■ Work to complete:
From the records below, output exactly the lines starting at the line with "Boucles d’oreilles en" and ending at the line with "21. Name and", both of them included, but no pictures.

[Opening Records for the exercise section]

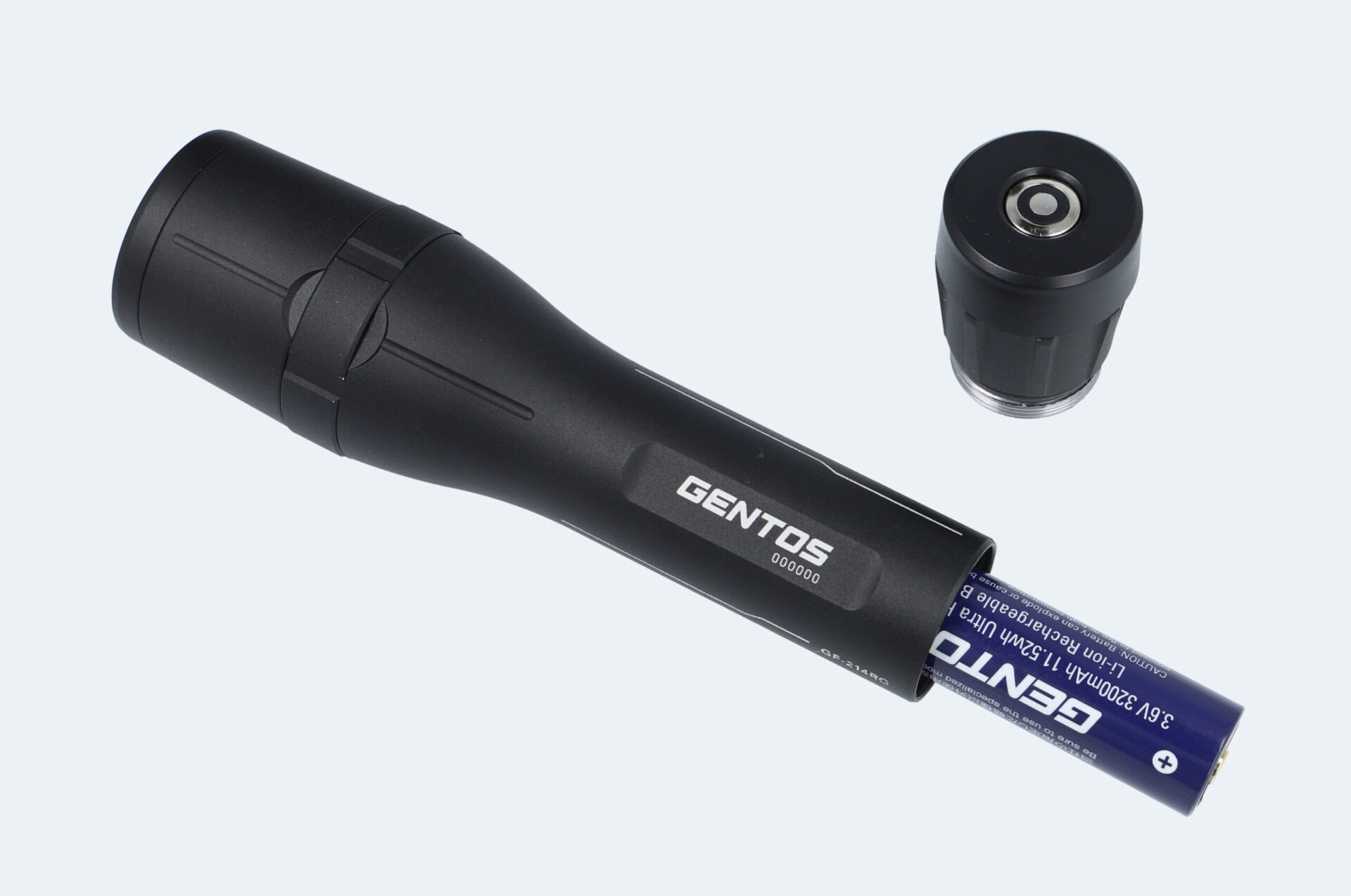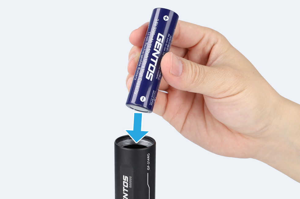 専用充電池をマイナス側からライト本体に入れ、テールキャップをしっかりしめる
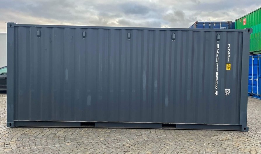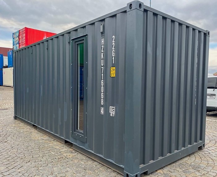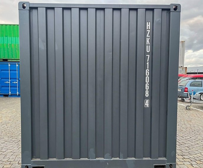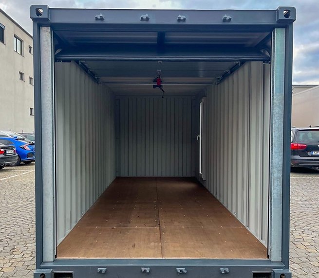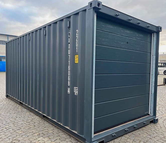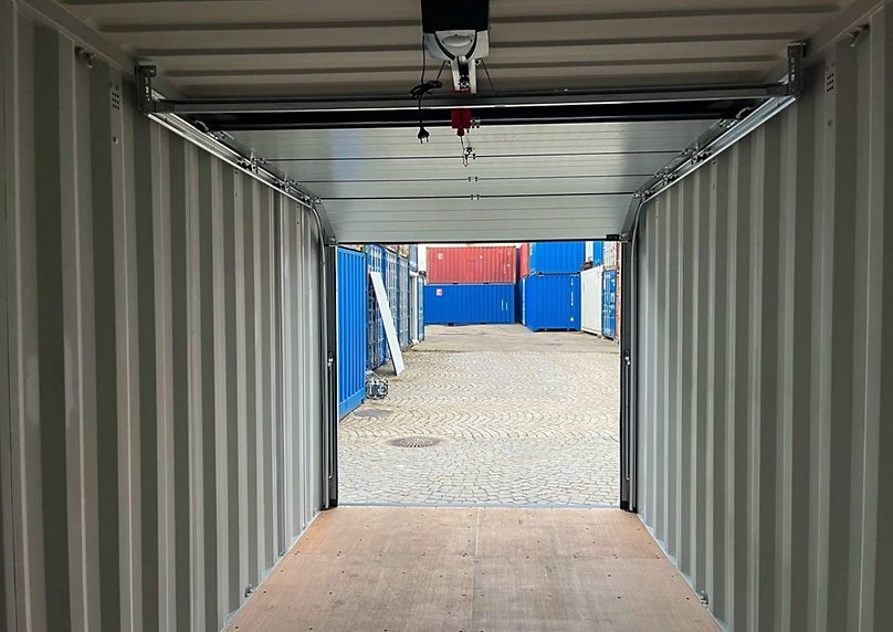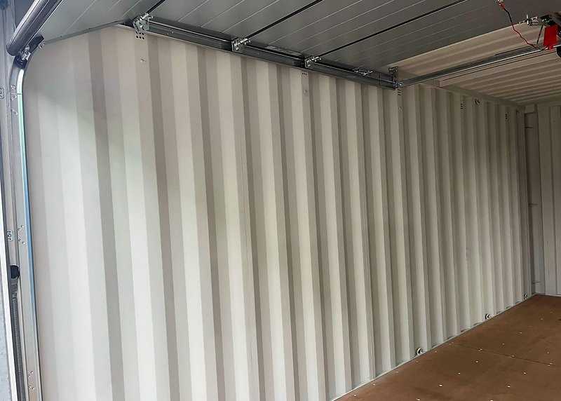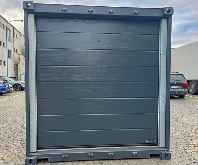 La structure de base est un conteneur maritime ISO en acier corten, robuste, résistant aux intempéries et durable. Il est équipé d’une porte sectionnelle Reno Matic de dimensions 2 140 x 2 250 mm, finition Woodgrain de couleur RAL 7016 (gris anthracite), avec entraînement électrique, barre ProLift + M et deux télécommandes. La porte dispose également d’un système d’ouverture d’urgence par clé en cas de panne de courant.
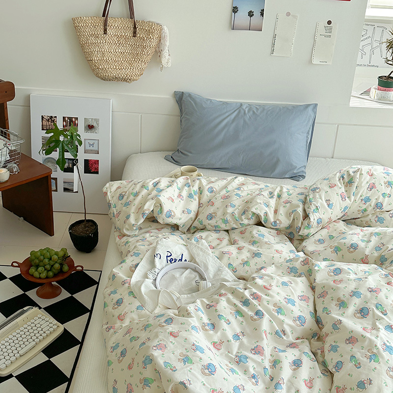 (总)尺素 2026新款纯棉卡通ins风四件套可爱少女风全棉被套纯色1.8床笠加大床单学生1.2三件套,告白熊--浅蓝,格调粉--奶黄,格调粉--桃粉,蓝白情书--浅蓝,清梦--冰沙绿,清梦--浅黄,小熊软糖--焦糖
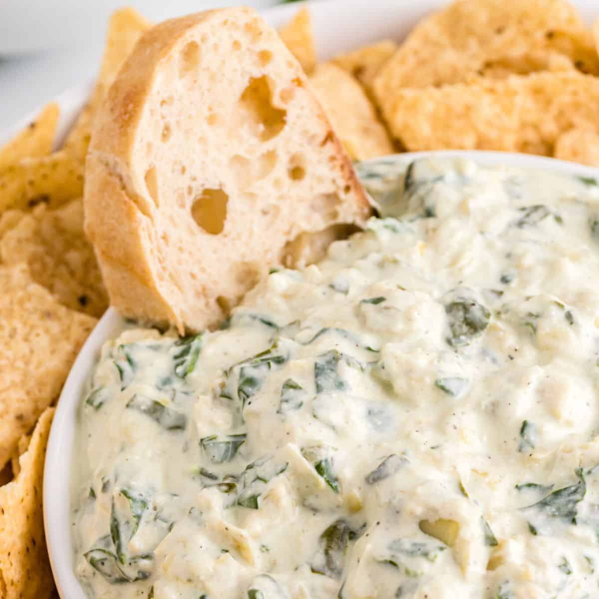 Crock pot spinach artichoke dip is creamy, cheesy, and so easy to make. Just add everything to your slow cooker and you’ll be rewarded with a hearty dip that’s perfect for a crowd!
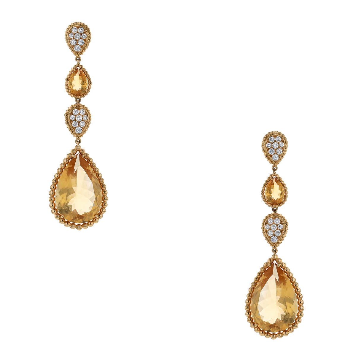 Boucles d’oreilles en or jaune, retenant deux citrines taillées en poire dans un entourage perlé. Signées et numérotées.
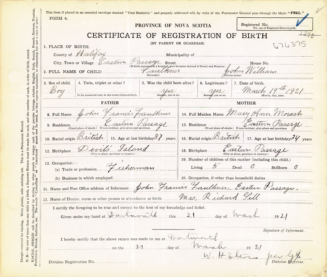 21. Name and Post Office address of Informant John Francis Faulkner Eastern Passage
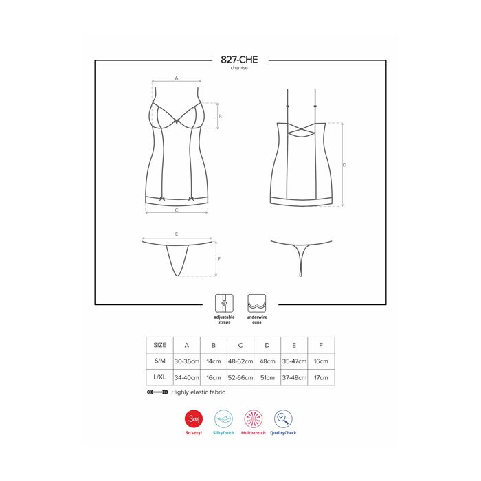 De 827 Chemise en String van Obsessive is een onweerstaanbare lingerie set die perfect is voor romantische avonden. Deze set bestaat uit een elegante chemise en een bijpassende string, vervaardigd uit hoogwaardige materialen die zorgen voor een luxe gevoel en een perfecte pasvorm. De cups van de chemise zijn niet gevoerd, maar zijn uitgerust met beugels die je decolleté prachtig accentueren en de juiste ondersteuning bieden. De sensuele afwerking met rushes aan de onderkant en de luxe details maken deze chemise tot een must-have in je lingeriecollectie. Voel je zelfverzekerd en verleidelijk met deze prachtige set die je vrouwelijke vormen op een betoverende manier benadrukt.

[Closing Records for the exercise section]

■ Response to the exercise:
 Boucles d’oreilles en or jaune, retenant deux citrines taillées en poire dans un entourage perlé. Signées et numérotées.
 21. Name and Post Office address of Informant John Francis Faulkner Eastern Passage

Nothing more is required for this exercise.